Geograficamente, o INE indica que a maior progressão salarial média acontece na região centro (mais 4,6%, para 850 euros) e no norte (mais 3,5%, para 827 euros líquidos).

Na região da Grande Lisboa, a subida do salário médio ficou ligeiramente abaixo da média nacional (mais 3,4%, até 1032 euros). No Algarve a subida foi parecida (mais 3,3%, para 837 euros). O terceiro pior registo na atualização salarial acontece na região do Alentejo, onde o salário médio avançou apenas 1,8%, até 838 euros líquidos mensais.

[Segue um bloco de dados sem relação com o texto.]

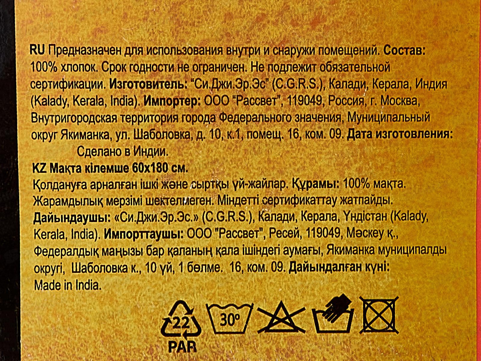 Коврик хлопковый 60*180см SUNSTER 33-156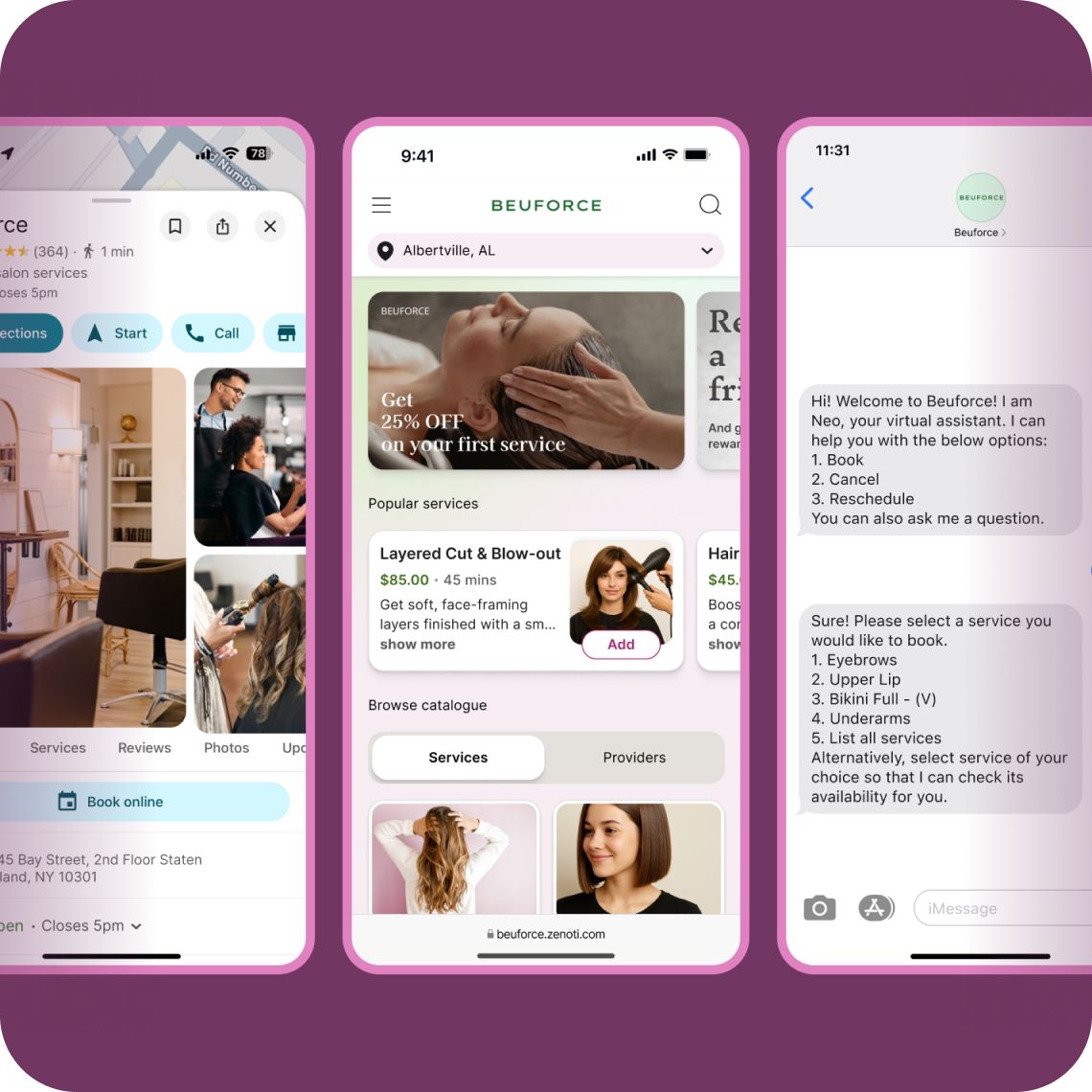 Guests can book through your Zenoti Webstore, branded mobile app, or SmartBot chat—even via Reserve with Google, Facebook or Instagram. Every flow is consistent, intuitive, and connected to your core calendar.

Nos Açores, o salário médio caiu 1,6%, para 788 euros. Na Madeira o salário médio estagnou (0%, ficou nos 796 euros).

Desemprego estabilizou

O inquérito ao emprego do terceiro trimestre mostra que o mercado de trabalho continuou a melhorar de forma genérica, embora se encontrem alguns atritos. Por exemplo, a taxa de desemprego nacional estabilizou nos 6,7% da população ativa. Interrompeu-se assim um ciclo de descidas, que durava há dois anos e meio. Este é também um dos valores mais baixos dos últimos 17 anos. «A população desempregada, estimada em 352,7 mil pessoas, manteve-se praticamente inalterada em relação ao trimestre precedente, interrompendo as diminuições trimestrais observadas desde o 2.º trimestre de 2016».

Por outro lado, «a taxa de desemprego dos jovens (15 a 24 anos) subiu para 20%».